1. ## Pythagorean Triples II

Find all the Pythagorean triples that form an arithmetic sequence.

2. Originally Posted by MATNTRNG
Find all the Pythagorean triples that form an arithmetic sequence.
Is this a challenge problems? If not, let's see some work.

3. Hello, MATNTRNG!

Find all the Pythagorean triples that form an arithmetic sequence.

Assume that Pythagorean triples consist of positive integers.

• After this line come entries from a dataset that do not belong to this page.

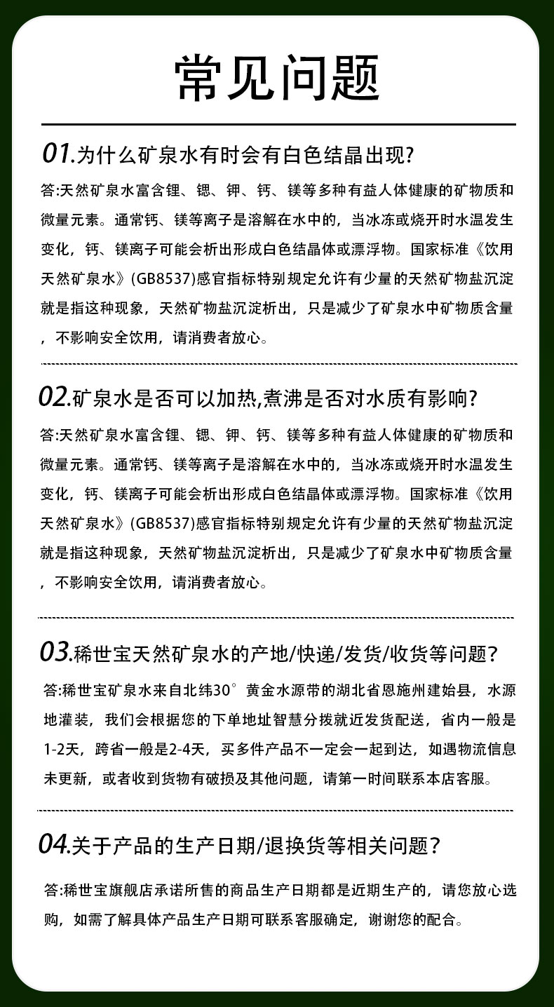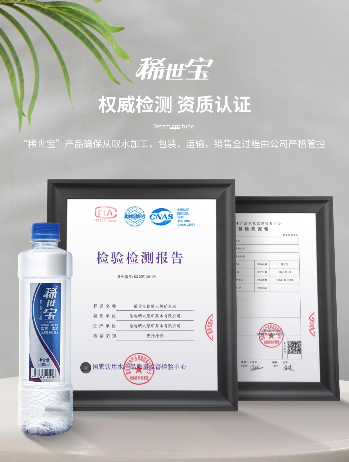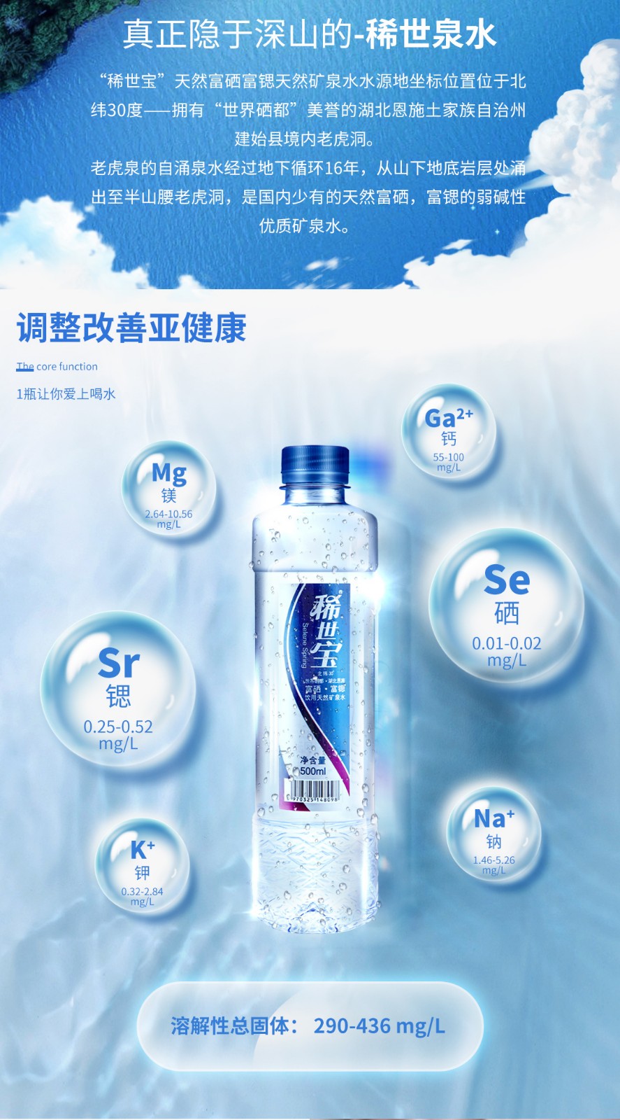 这款稀世宝的水源来自恩师苗族自治州的马栏溪村,被誉为世界硒都,矿泉水来自于万米深层循环16年的老虎泉水,天然矿泉,富含硒、锶、钾、钙、镁等多种人体所需的矿物元素,尤其是硒和锶的含量远超国标,为世界绝无仅有的富硒、富锶矿泉水资源。
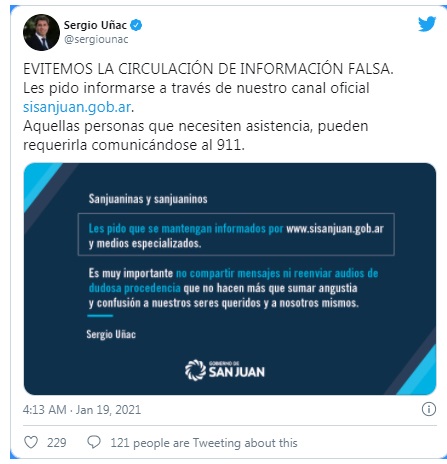 Durante la conferencia de prensa Uñac destacó que "después del terremoto de 1944 la Provincia viene trabajando con un código edilicio que ha permitido tener un alto porcentaje de su construcción sismorresistente y eso ha permitido soportar de una manera distinta habiendo sido de una magnitud parecida al terremoto de 1944, como también a 1977".
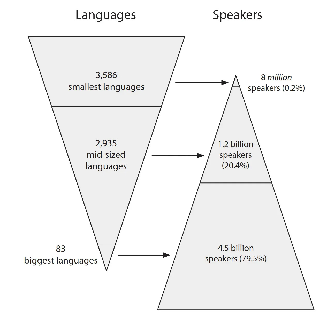 The existence of megalanguages like English and Mandarin have skewed our idea of what counts as a “small” language. For the vast majority of human history, any given language only had anywhere from several hundred to several thousand speakers.
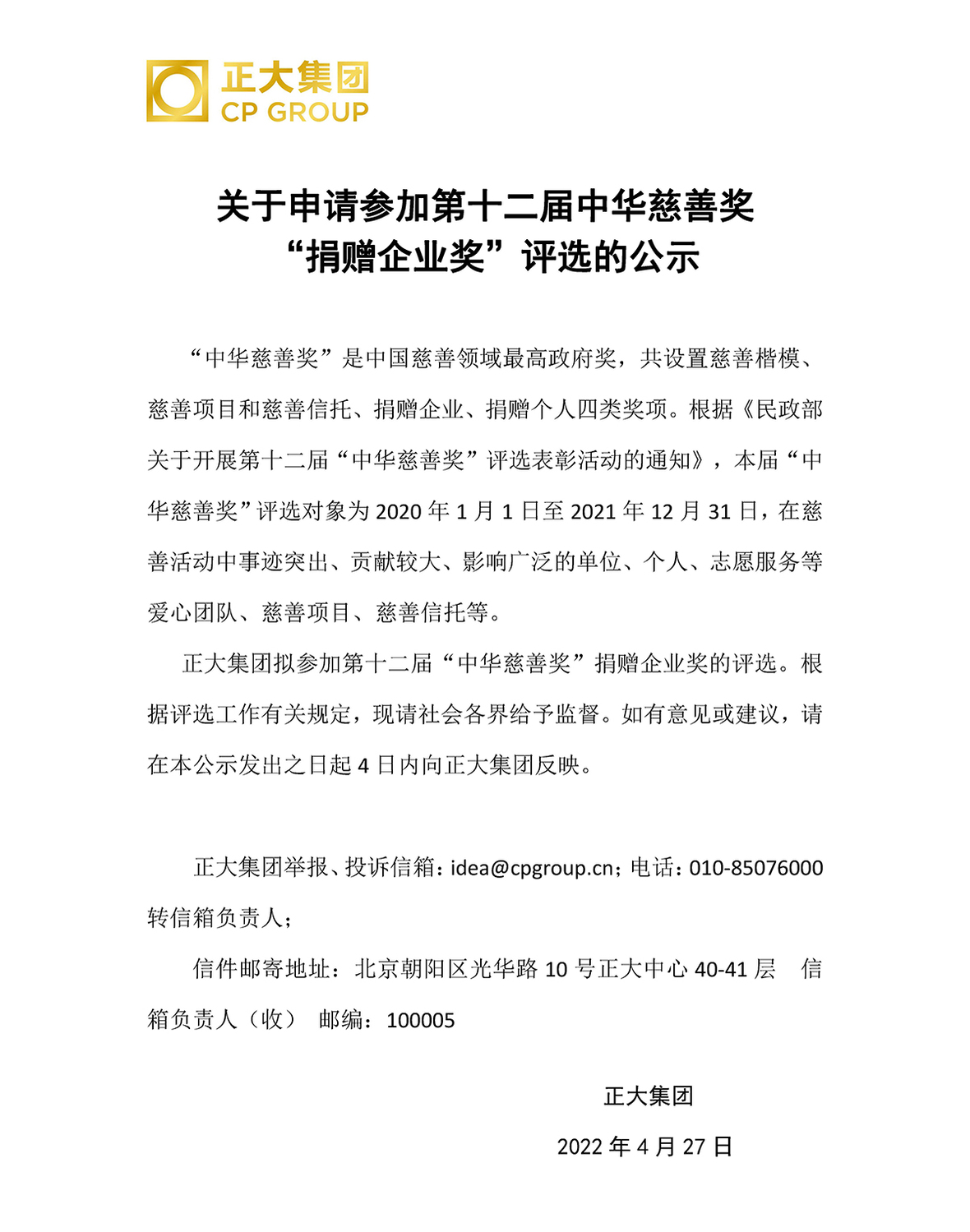 關(guān)于申請參加第十二屆中華慈善獎“捐贈企業(yè)獎”評選的公示

We have: . $(a,\:a+d,\:a+2d)$

Hence: . $a^2 + (a+d)^2 \:=\:(a+2d)^2$

. . $a^2 + a^2 + 2ad + d^2 \:=\:a^2 + 4ad + 4d^2$

. . . . $a^2 -2ad - 3d^2 \:=\:0$

. . . . $(a+d)(a-3d) \:=\:0$

And we have: . $\begin{Bmatrix}a+d &=& 0 & \Rightarrow & d &=& \text{-}a \\
a - 3d &=& 0 & \Rightarrow & d &=& \frac{a}{3} \end{Bmatrix}$

Since $d = \frac{a}{3}$, the Pythagorean triples are: . $\left(a,\:\frac{4}{3}a,\:\frac{5}{3}a\right)$
. . where $\,a$ is any positive multiple of 3.

4. A useful strategy would be to denote the sides $a-d, a,$ and $a+d$, where $a$ and $b$ are integers; these form an arithmetic sequence. We assume that $d>0$.

The following relation holds: $(a-d)^2+a^2=(a+d)^2$. From $a^2-2ad+d^2+a^2=a^2+2ad+d^2$, we find that $a^2=4ad$. But $a>0$ since $a-d$ is one of the triangle's sides, so we can divide by $a$ to get $a=4d$.

Thus Pythagorean triples that form an arithmetic sequence are given by $3d, 4d, 5d$. In particular, this implies that the only Pythagorean triple that consists of consecutive postive integers is $3, 4, 5$.